Meditations on Music: Kane Mathis Duo

The Kane Mathis Duo performs in Harper Hall.
Photo by Angelica Hurtado

There is nothing quite like starting off Midterm Reading Period with two hours of relaxing world music. On Wednesday, Feb. 8, I, along with many other students and a handful of Appletonians, were able to kick back and relish in an impressive performance from Kane Mathis accompanied by Roshni Samlal. Mathis, who was a student at Lawrence for two years, is known throughout the world for his kora and oud expertise, despite being from the West.

As a student at Lawrence, Mathis studied jazz and classical guitar, but after learning of so much world music in high school, he realized that was what he wanted to devote his life to. When not studying at Lawrence, he used his breaks to travel to the Gambia and Istanbul, learning the kora and oud, respectively, from masters of the instruments. Flash forward to 2011 and—as stated in the program—“Mathis [is now] the first non-African to be endorsed by [The Gambia’s] National Center for Arts and Culture.”

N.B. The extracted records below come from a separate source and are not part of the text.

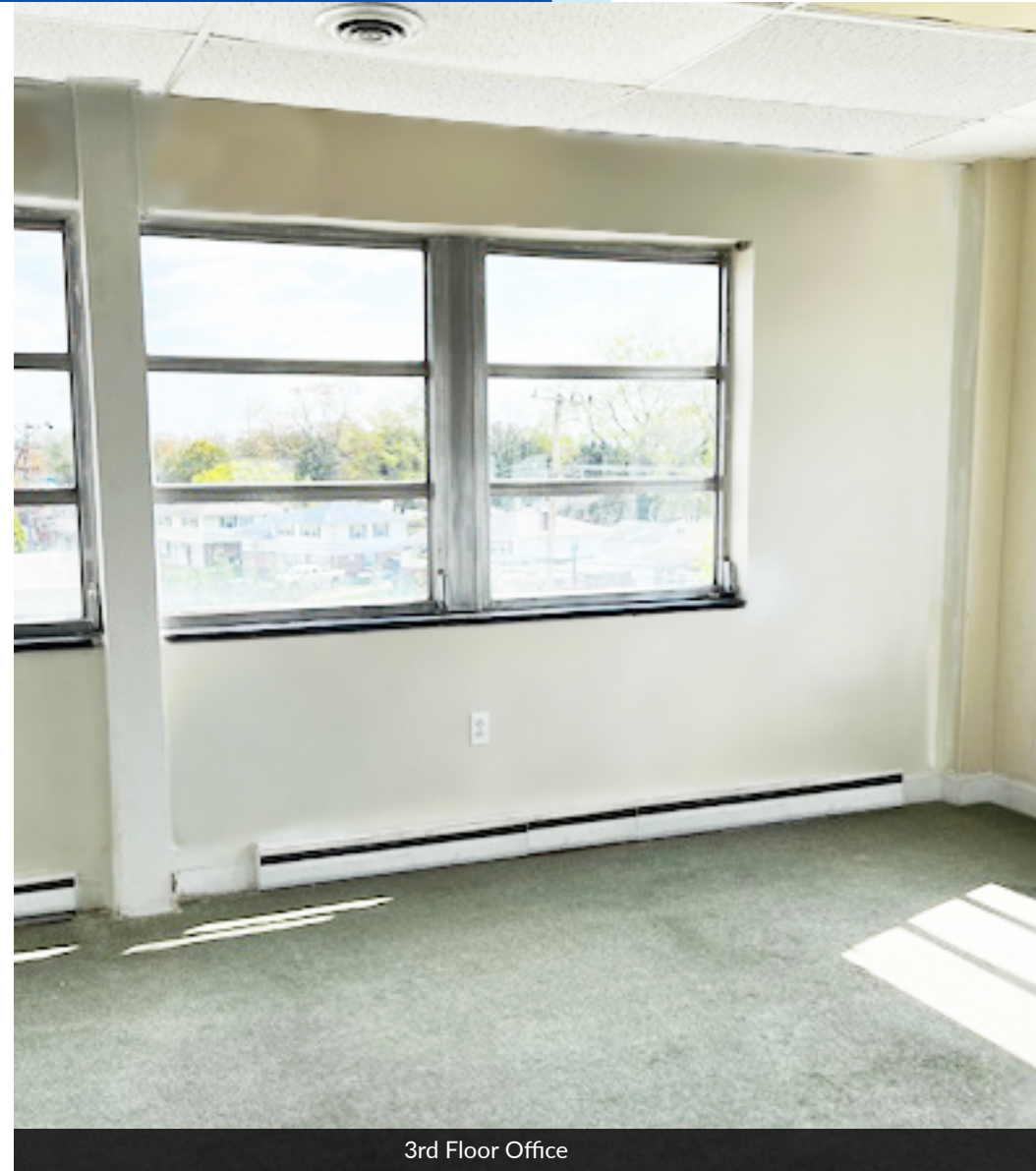
3rd Floor Office

TYLER FORESTA Sales & Leasing O: 302.414.1000 | C: 302.584.8615 tforesta@LMTCRE.com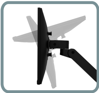
INCREASED TILT RANGE BETTER ERGONOMICS FOR USERS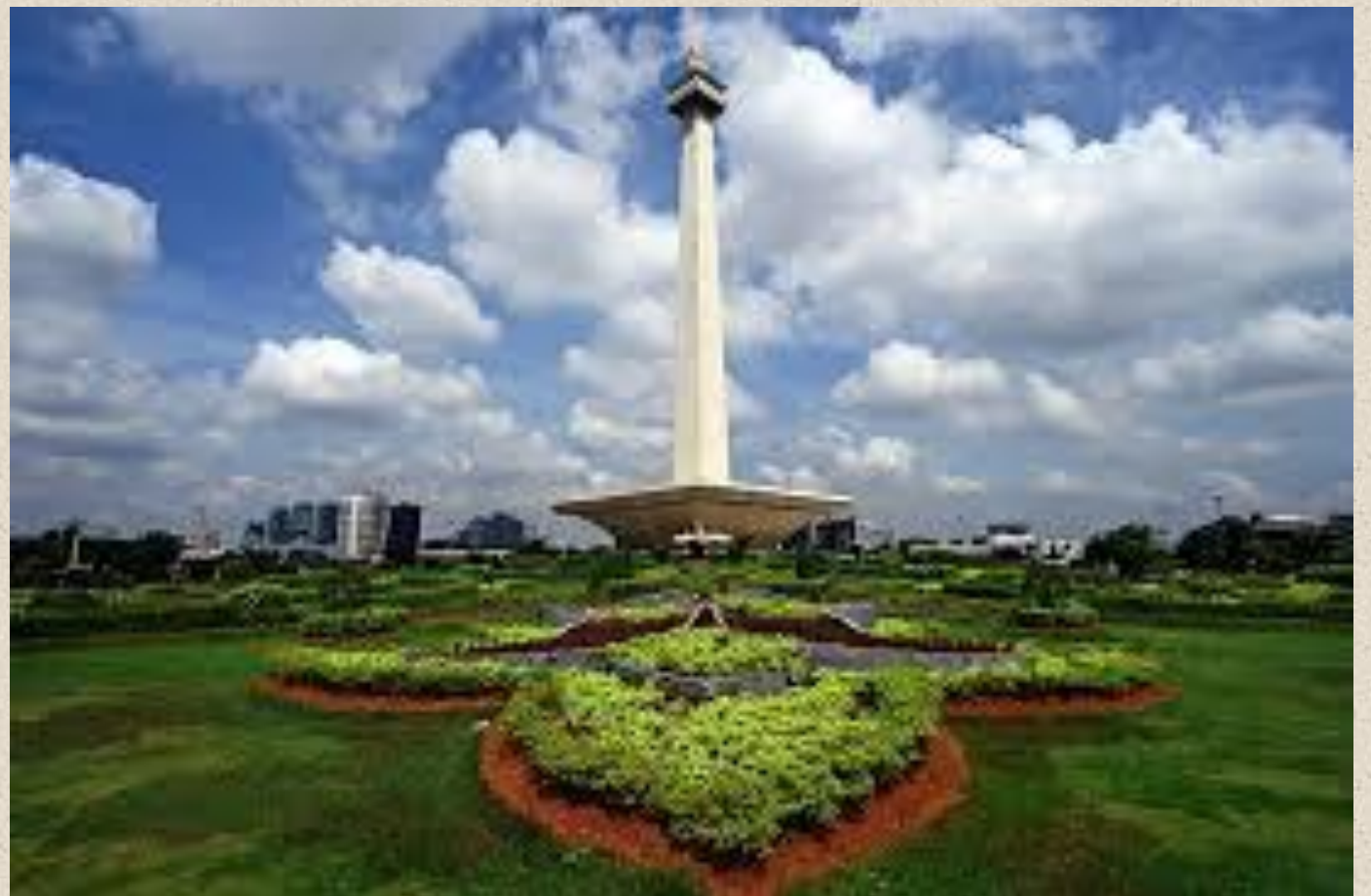
Monas – National Monument, Jakarta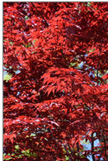
Emperor I Japanese Maple foliage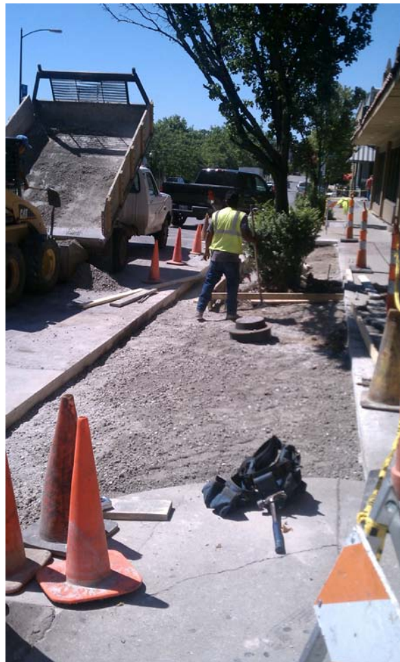
Description – Contracted Concrete Curb & Gutter Repair with Concrete Pavement Patching in Downtown Lawrence (left picture - prior to work, right picture - during removal/replacement)

The show opened with Mathis playing a solo kora piece, showcasing his talent on the instrument. The kora is made up of a resonating gourd with a long neck and two planes of strings—over twenty total. The complex style has the player produce basslines, chords, melody and contrapuntal figures simultaneously. I was quickly transitioned to a tranquil state as high textures flurried above me and bass twanged underneath, both voices swooping up and down. With eyes closed, it was hard to believe this sound came from two thumbs and two fingers. With eyes open, the four digits blurred across the strings, but Mathis’ otherwise stillness struck me.

For the rest of the six pieces—some of which had Mathis playing oud—Samlal joined him on tabla. As my ears adjusted to the kora in context of this new percussive and sometimes melodic voice, I realized how smoothly the many strings bled from one to another, ringing out over themselves lushly. But at the same time, the tabla’s sound was punctuated and precise, creating monolithic rhythmic figures with the tablas. While they interacted by locking into patterns together, it was harder to see how else they played off each other, as both instruments were highly active and virtuosic. The nuances of the instruments and respective music they are rooted in also made it tough to perceive the intricacies of their interplay, as knowledge of the traditions is important to connecting to the music as a whole.

Despite the disconnect I had with understanding and firmly grasping the performance, the two did a nice job of explaining the rhythms and other elements to the audience, making what they did on stage more accessible and digestible. This effort was appreciated, as it gave everyone something to grab onto other than just the sheer technique and meditative feeling so present throughout.

At some points, though, I found it beneficial and more moving to close my eyes and simply listen, not considering the complexities and specifics. More often than not, when covering a show, I can sometimes take too many notes or think too much when the best experience can come from purely listening. Lulled into a half-sleep, relishing the rich sounds, not thinking of the challenge of writing this column nor the work I had before or after, I bonded to Mathis and Samlal’s playing, moved by its illusionary duality—droning and active, calming and exciting.

A performance of music from a genre you are unfamiliar with has a pretty good chance of sounding all the same. This concert of West African, Indian and Ottoman music certainly did for me. But the ways we as listeners can try to understand it, love it and allow ourselves to be moved and inspired by it is where the music becomes interesting. To shun arts because you do not understand them—even if you try to and fail—is a mistake. More than just a surface-level understanding of what is happening can be gleaned, and as a listener, that is something I strive for and hope you do too. There is something beyond, often abstracted by our desire to critique and learn from the music rather than just listen.